22.06.2009 Michael Schmidt

Nach den massiven Eingriffen in das Reglement, müssen sich die Regelhüter die Frage gefallen lassen, ob sich der Kraftakt wenigstens gelohnt hat. Nach acht Rennen zeichnet sich ab, dass sich seit letztem Jahr nicht viel geändert hat. Silverstone sah mit Ausnahme des Duells zwischen Lewis Hamilton und seinem Ex-Kollegen Fernando Alonso müde Motorsportkost. Hat die Überhol-Kommission versagt?

Doppeldiffusor sorgt wieder für mehr Abtrieb

Zu Saisonbeginn sah es so aus, als würden die Autos im Pulk enger zusammenliegen. Doch je weiter die Saison fortschreitet, umso mehr erinnert man sich an das Überholproblem, das die Formel-Experten seit Jahren beschäftigt. "Die Aerodynamik ist schuld", schimpft Felipe Massa. "So wie es die FIA geplant hatte, sollten die Autos weniger Abtrieb produzieren. Mit ihrer Entscheidung für den Doppeldiffusor hat sie diesen Plan auf den Kopf gestellt." Klar, dass diese Aussage von einem Ferrari-Fahrer kommt.

Trotzdem ist da ein Stück Wahrheit dran. Wenn man sieht, wie viele Leitbleche und Finnen schon wieder aus der Verkleidung wuchern, wie kompliziert die Unterböden geworden sind, dann begreift man, dass die Anströmung schon optimal sein muss, um die Aerodynamik perfekt arbeiten zu lassen. Was aber ist mit den Überholhilfen KERS und dem verstellbaren Frontflügel? "Du kommst nicht mal richtig nahe", winkt Timo Glock ab. "Wenn die Anströmung nur um zehn Prozent gestört ist, verlässt du sofort die Ideallinie."

Beweglicher Flügel unwirksam

Der verstellbare Flap am Frontflügel erfüllt nicht seinen Zweck. "Du kannst hin und wieder ein bisschen besser aufschließen, und daraus ergeben sich ein paar Überholchancen mehr als früher", sagt Nick Heidfeld, doch Ranfahren und Überholen sind zwei Dinge. "In den Turbulenzen des vorausfahrenden Autos geht Gesamtabtrieb verloren.

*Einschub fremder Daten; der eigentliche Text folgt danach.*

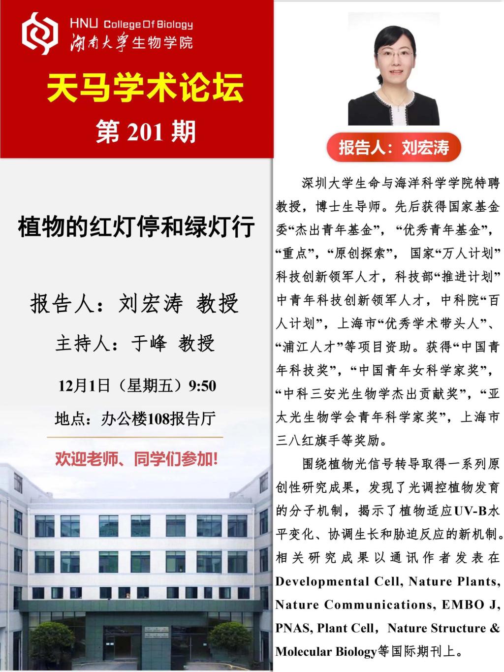 学术地点 生物学院办公楼108 主讲人 刘宏涛
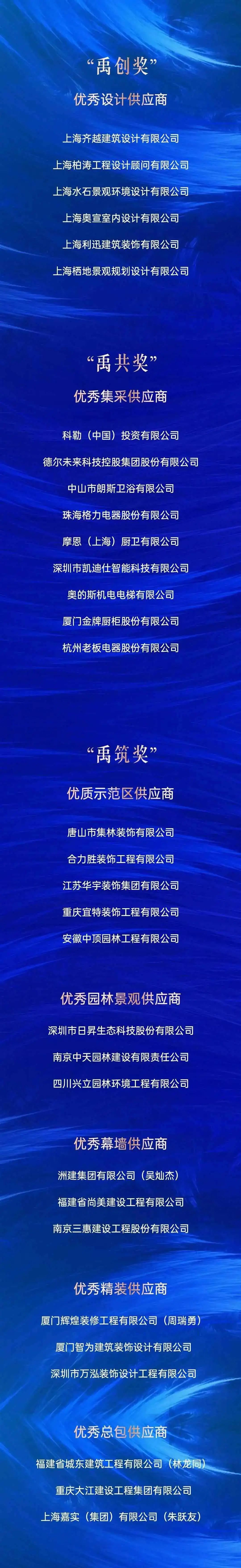 同時,為感謝供應(yīng)商在合作過程中的杰出表現(xiàn),禹洲今年首度設(shè)立屬于供方伙伴的“禹創(chuàng)、禹共、禹筑”三大獎項,并通過嚴格的標準進行全面考核,評選出了優(yōu)秀供方單位并在峰會現(xiàn)場隆重表彰。
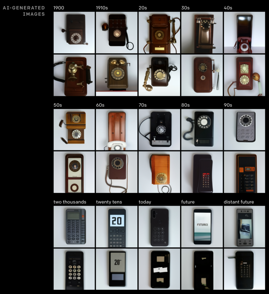 DALL·E 的能力可不止于此,它还可以展示某个概念的时代变迁史。例如给出文本「上世纪 20 年代以来的手机图像」,你将会得到各个年代的手机照片:
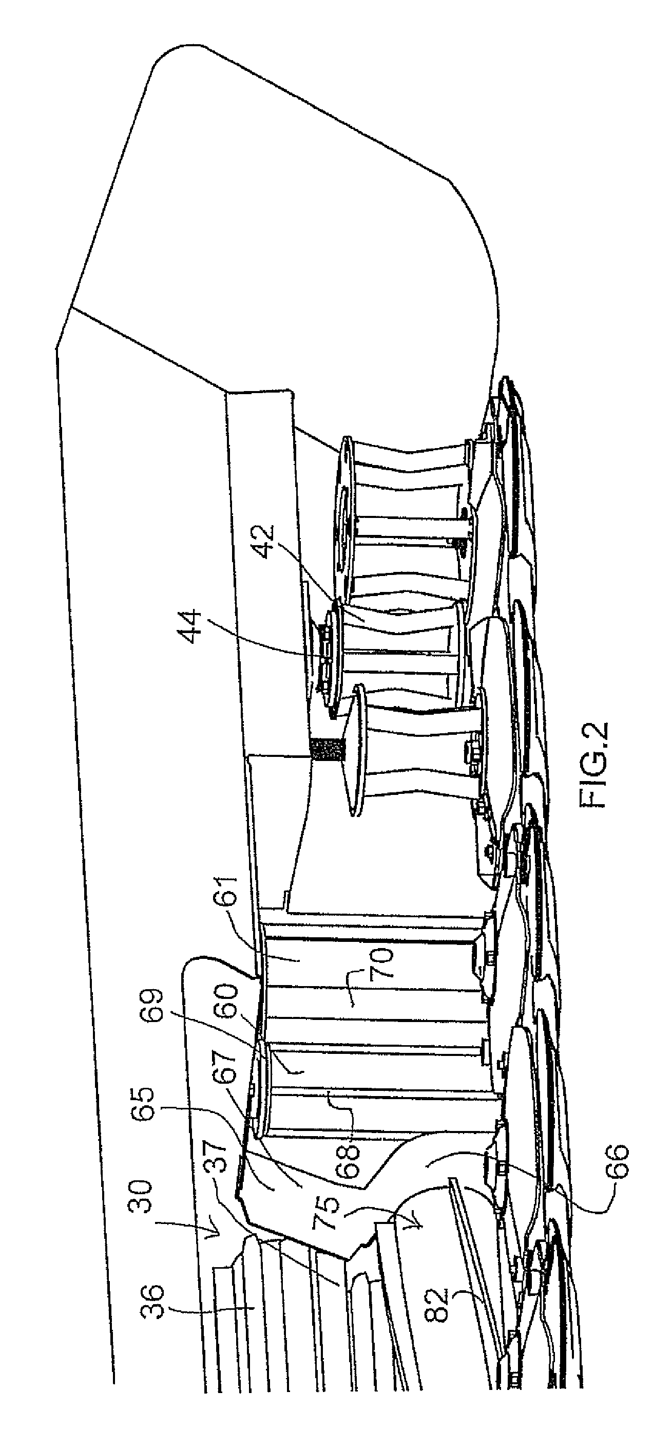 The end disk 50 is arranged to rotate so that a front of the first disk moves outwardly of the respective end of the discharge opening as marked at direction arrow D. A first outer disk 56, which is mounted outwardly of the end line 55 of the discharge opening and outwardly of the end disk 50, forms a pair with the end disks 50 so as to rotate in a direction D opposite thereto such that at least some of the crop tends to be swept into a first zone 57 between the first pair of disks and to pass through that zone as shown schematically at arrow 58.
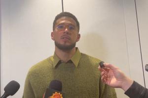 赛后,布克接受采访时谈到了自己对詹姆斯的关键三分犯规。
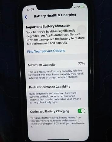- Batareya sağlamlığı bölməsində maksimum tutum 77% göstərilir; Optimized Battery Charging aktivdir
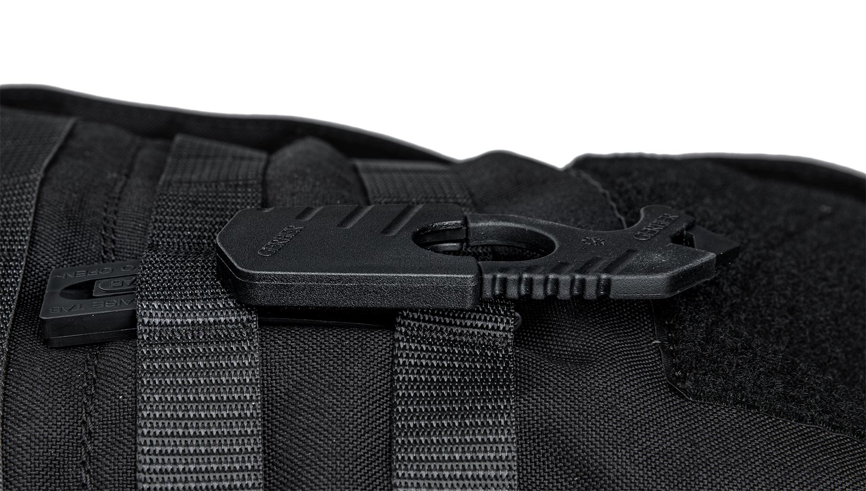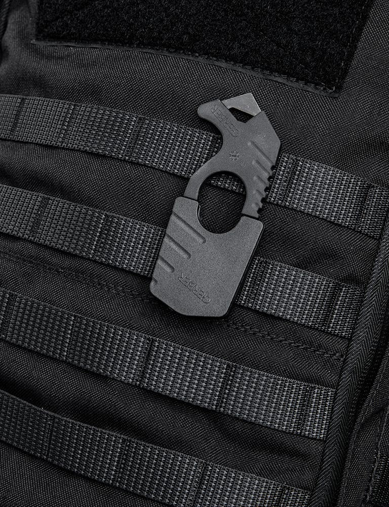 The Gerber cutter is made from a single piece of 3 mm steel with a rubber-coated handle. It's fairly light and tiny, and a large cut-out serves as a finger-hole to keep the tool in control even with gloves on. The pommel has a lanyard hole and a glass breaker tip - which is often necessary in the same situations where you'd cut a seatbelt.

Du rutschst über alle vier Räder", spielt Timo Glock die Bedeutung des justierbaren Frontflügel-Flaps herunter.

Nelson Piquet sieht darin eine Schwäche, dass man den Flügel nur einmal pro Runde anpassen darf. "Wenn du direkt hinter einem anderen Auto bist und den Frontflügel steiler stellst, spürst du schon, dass dir die Turbulenzen weniger ausmachen. Fällst du aber nur ein bisschen zurück, passt die Aerobalance nicht mehr. Dann hast du vorne zuviel Abtrieb und fällst noch weiter zurück. Du kannst zwar wieder zur Ausgangsposition zurück, musst aber dann bis zum Ende der Runde warten, bis du erneut den Flügel verstellen darfst.